*** Supplied data ***

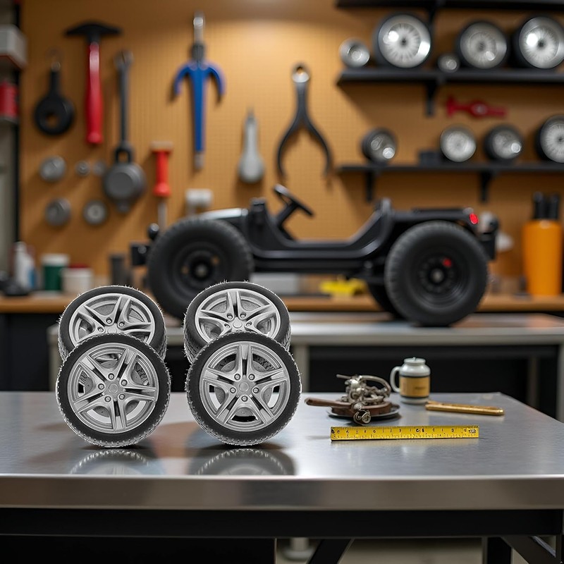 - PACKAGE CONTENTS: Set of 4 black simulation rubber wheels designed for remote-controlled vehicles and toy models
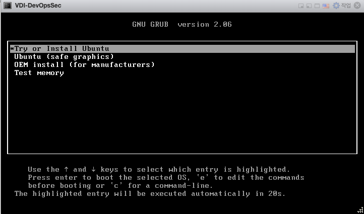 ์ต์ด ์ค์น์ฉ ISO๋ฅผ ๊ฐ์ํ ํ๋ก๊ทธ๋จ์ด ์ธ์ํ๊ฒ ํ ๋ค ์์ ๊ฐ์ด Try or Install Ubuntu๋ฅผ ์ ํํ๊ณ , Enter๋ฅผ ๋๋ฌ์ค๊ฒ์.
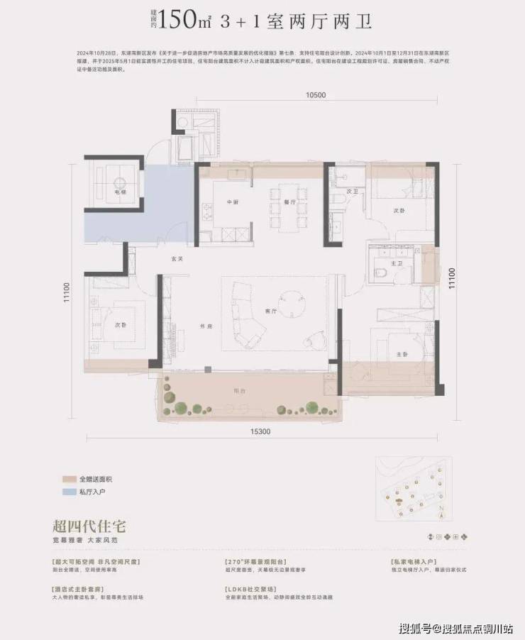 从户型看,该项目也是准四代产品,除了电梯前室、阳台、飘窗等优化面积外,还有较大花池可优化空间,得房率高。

*** End of Supplied data ***

Output the line containing "Ubuntu๋ฅผ ์ ํํ๊ณ , Enter๋ฅผ ๋๋ฌ์ค๊ฒ์." along with every line after it to the end of the material, exactly as written, but without pictures.

 ์ต์ด ์ค์น์ฉ ISO๋ฅผ ๊ฐ์ํ ํ๋ก๊ทธ๋จ์ด ์ธ์ํ๊ฒ ํ ๋ค ์์ ๊ฐ์ด Try or Install Ubuntu๋ฅผ ์ ํํ๊ณ , Enter๋ฅผ ๋๋ฌ์ค๊ฒ์.
 从户型看,该项目也是准四代产品,除了电梯前室、阳台、飘窗等优化面积外,还有较大花池可优化空间,得房率高。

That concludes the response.